Once you have these capabilities, the things you can do with data—quickly and at scale—are pretty amazing. I will share some of these in future posts, as I want to keep this post short.

However, I will close this post out with a simple analogy…

“Think Like I Chef” vs. the Fast Food Menu

Traditional architectures are like fast food menus. You have these options. If you want to change the menu, we can do some market research, see what works and rollout a new menu. If you want to change again (or explore “what if we had done this?”) we can repeat this process.

Lambda architecture is like the pantry of a great chef. You have all these ingredients. If you feel like duck à l’orange, we can make this. If you want a duck confit salad, we can re-purpose the ingredients. If you want really rich potatoes, we can render the fat and cook the potatoes in it. If you want vegan, we can pull other items out of the pantry and make something else. There are so many more options.
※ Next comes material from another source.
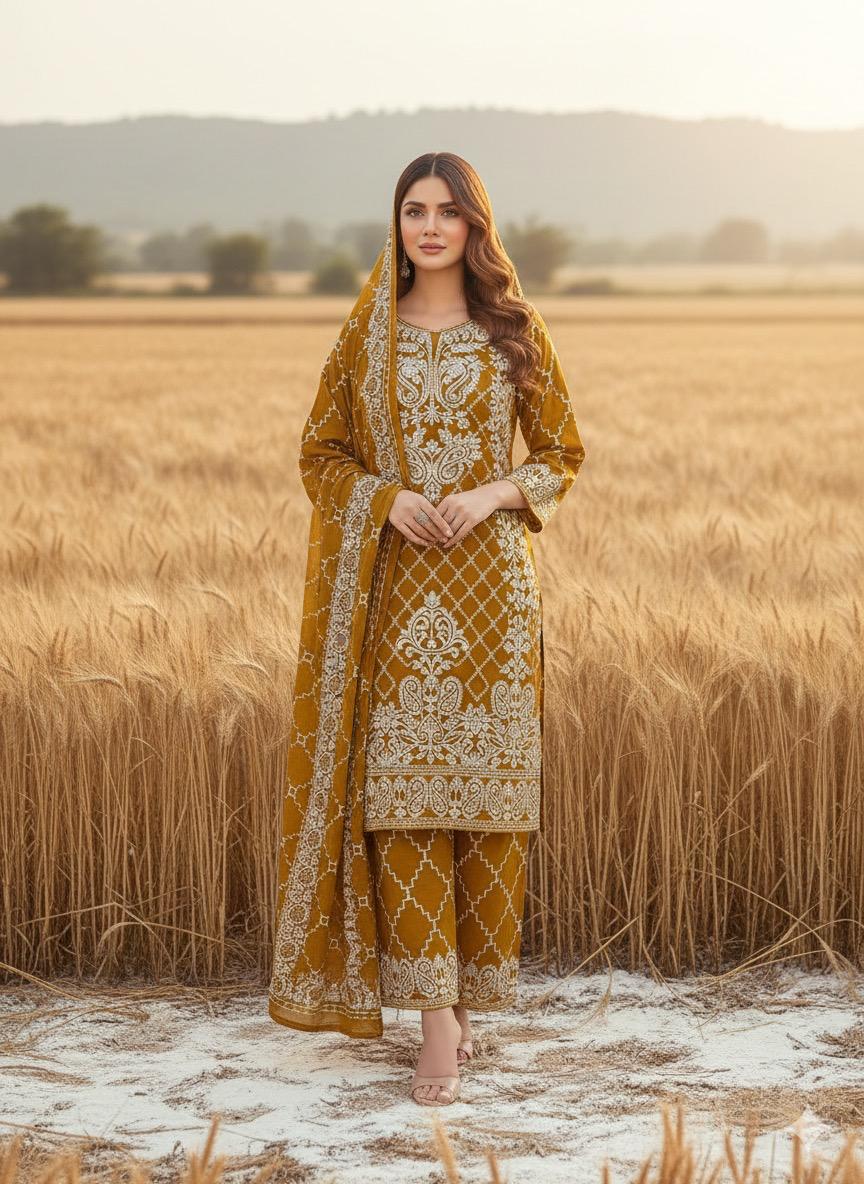 Ladies 3 pc organza party wear ready to wear

Mapping This Back to Things Business People Care About

So what does this mean for your business? Do you remember the last time heard these comments:

  • “You’ll see that report. It will be in our Data Warehouse–tomorrow around 10am.”
  • “Oh, that’s in our warehouse. We can build a program to convert and and load the data into production. It will only take 3 weeks. Can you submit your TPS form to the Steering Committee so we can prioritize this?”
  • “Gee, it’s too bad we did not capture that data. We can start to capture it now. In a few months we can start analyzing it.”

With Lambda, all of these comments–and many more–go away. Data is never thrown away. It is always in production, ready to be used–for analysis or real-time transactions. There is no delay between transactional use and analysis–data flows down both paths as once.

Just imagine what problems you can solve when these limitations go away.